**Study material:**

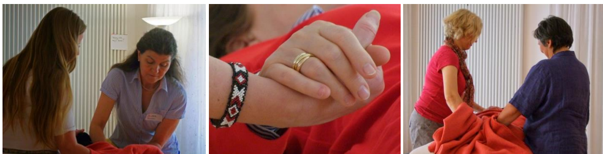
Eindrücke vom Energie-Tag am 24. Mai 2014

Wir spenden unsere Zeit, Können und Erfahrung; von Ihnen erbitten wir eine Spende ab 30,00 Euro, gerne auch mehr (25,00 Euro bei Personen mit niedrigem Einkommen), für die Stiftung Das neue Hauner (Bau der neuen Kinderklinik).
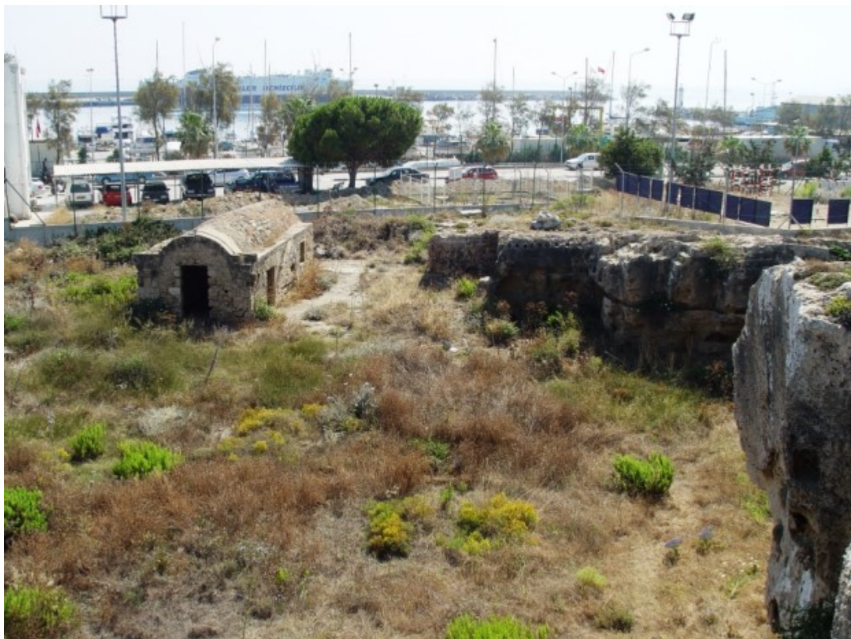
Ο ναός της Αγίας Αικατερίνης
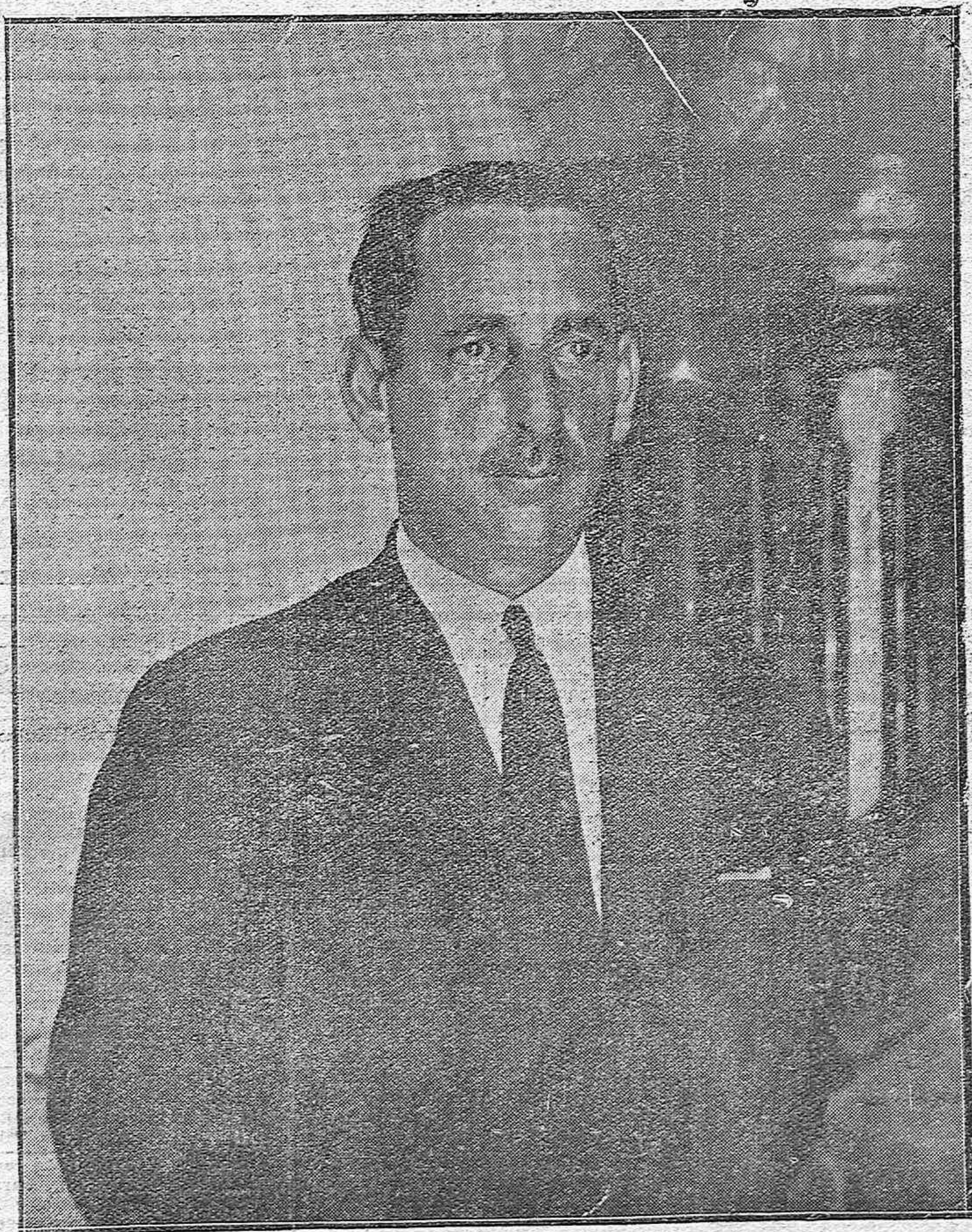
El nuevo Alcalde de Córdoba, D. José Sanz Noguera
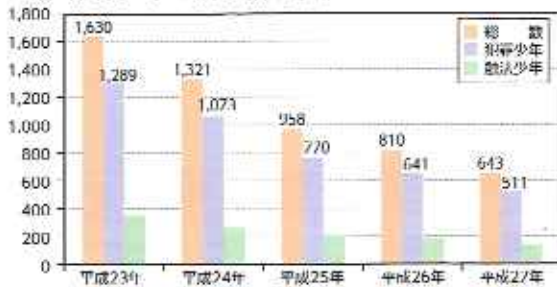
非行少年の検挙補導状況(県内の過去5年間) (人)

平成27年中の県内における非行少年の検挙補導人員は643人で、前年に比べ167人減少しています。
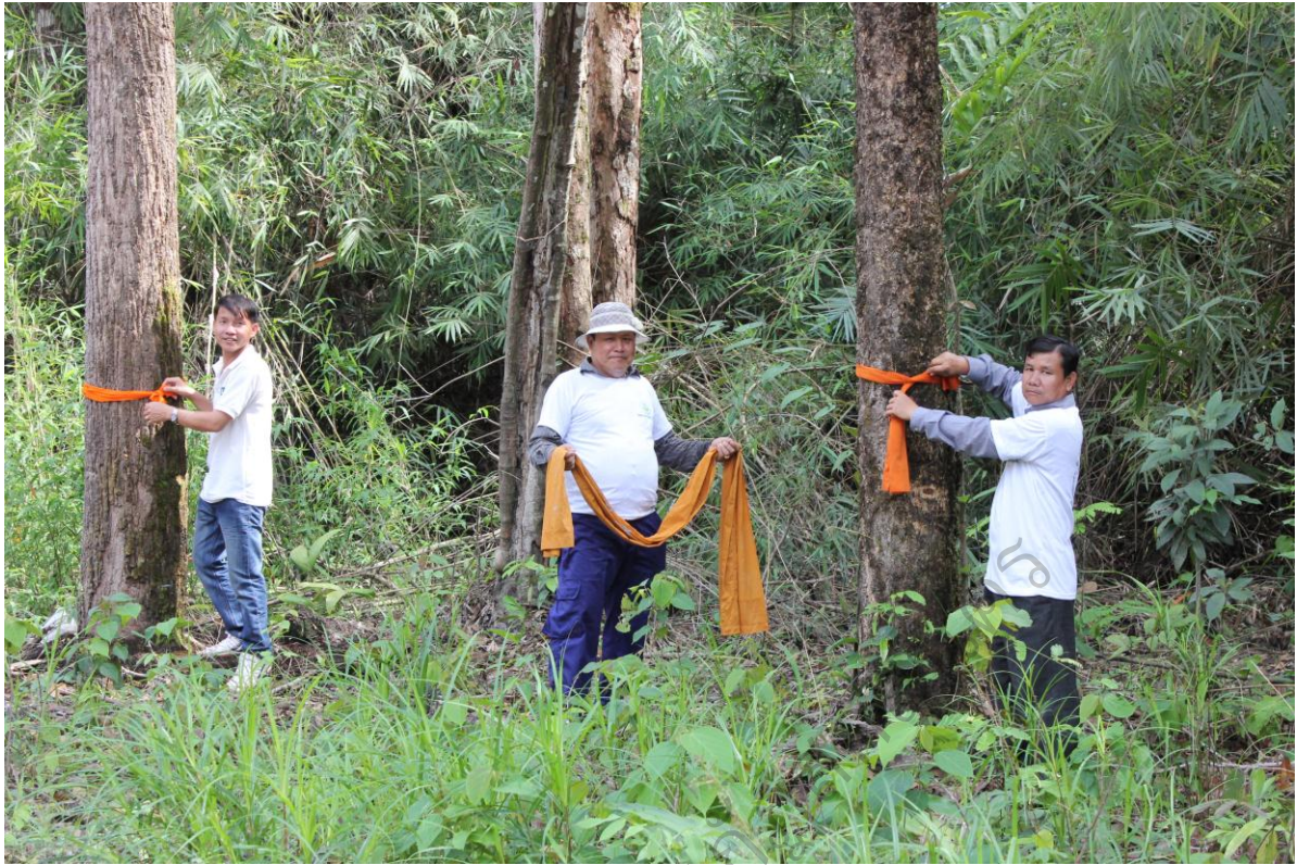
ภาพประกอบ 4 ภาพกิจกรรมบวชต้นไม้ในป่าชุมชนบ้านโนนสมบูรณ์
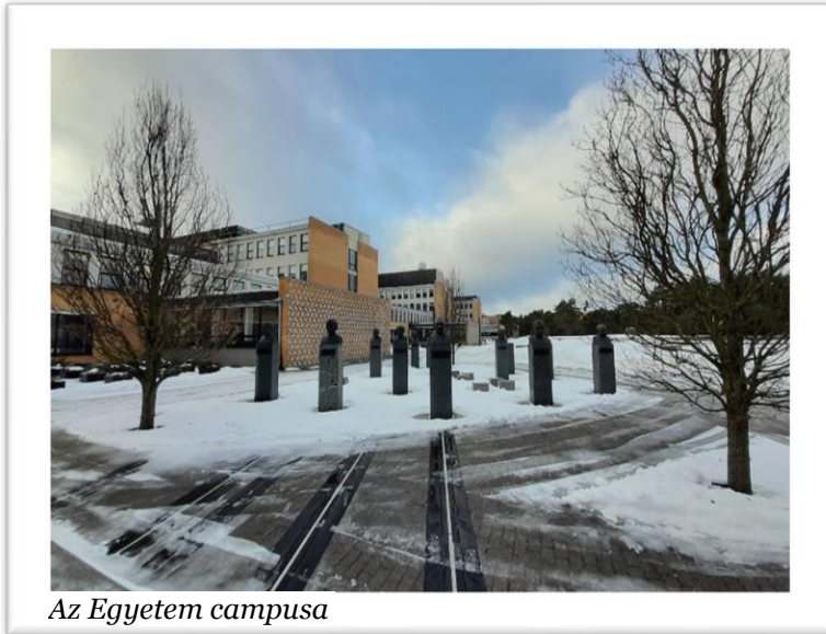
Az Egyetem campusa

voltak, de általánosságban nem akadt gondom a jegyszerzéssel, minimális energiabefektetéssel az egyes jegy simán megszerezhető.
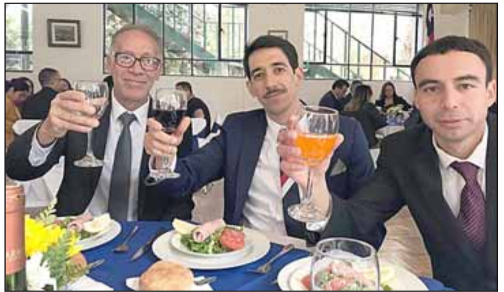
UN DÍA ESPECIAL.- Profesores y estudiantes de la Industrial disfrutaron también de un ameno momento y almuerzo en esta fecha tan especial.

Al comenzar el día, los primeros y segundos medios recibieron las visitas de los alumnos de tercero y cuarto, representando sus respectivas especialidades, quienes de manera muy coherente les contestaron cada una de sus dudas. Posteriormente, mientras los primeros medios contaban con una sólida inducción, terceros y

**What you will do:** Leave the images aside and transcribe all entries exactly.

**Your response:**
Eindrücke vom Energie-Tag am 24. Mai 2014

Wir spenden unsere Zeit, Können und Erfahrung; von Ihnen erbitten wir eine Spende ab 30,00 Euro, gerne auch mehr (25,00 Euro bei Personen mit niedrigem Einkommen), für die Stiftung Das neue Hauner (Bau der neuen Kinderklinik).
Ο ναός της Αγίας Αικατερίνης
El nuevo Alcalde de Córdoba, D. José Sanz Noguera
非行少年の検挙補導状況(県内の過去5年間) (人)

平成27年中の県内における非行少年の検挙補導人員は643人で、前年に比べ167人減少しています。
ภาพประกอบ 4 ภาพกิจกรรมบวชต้นไม้ในป่าชุมชนบ้านโนนสมบูรณ์
Az Egyetem campusa

voltak, de általánosságban nem akadt gondom a jegyszerzéssel, minimális energiabefektetéssel az egyes jegy simán megszerezhető.
UN DÍA ESPECIAL.- Profesores y estudiantes de la Industrial disfrutaron también de un ameno momento y almuerzo en esta fecha tan especial.

Al comenzar el día, los primeros y segundos medios recibieron las visitas de los alumnos de tercero y cuarto, representando sus respectivas especialidades, quienes de manera muy coherente les contestaron cada una de sus dudas. Posteriormente, mientras los primeros medios contaban con una sólida inducción, terceros y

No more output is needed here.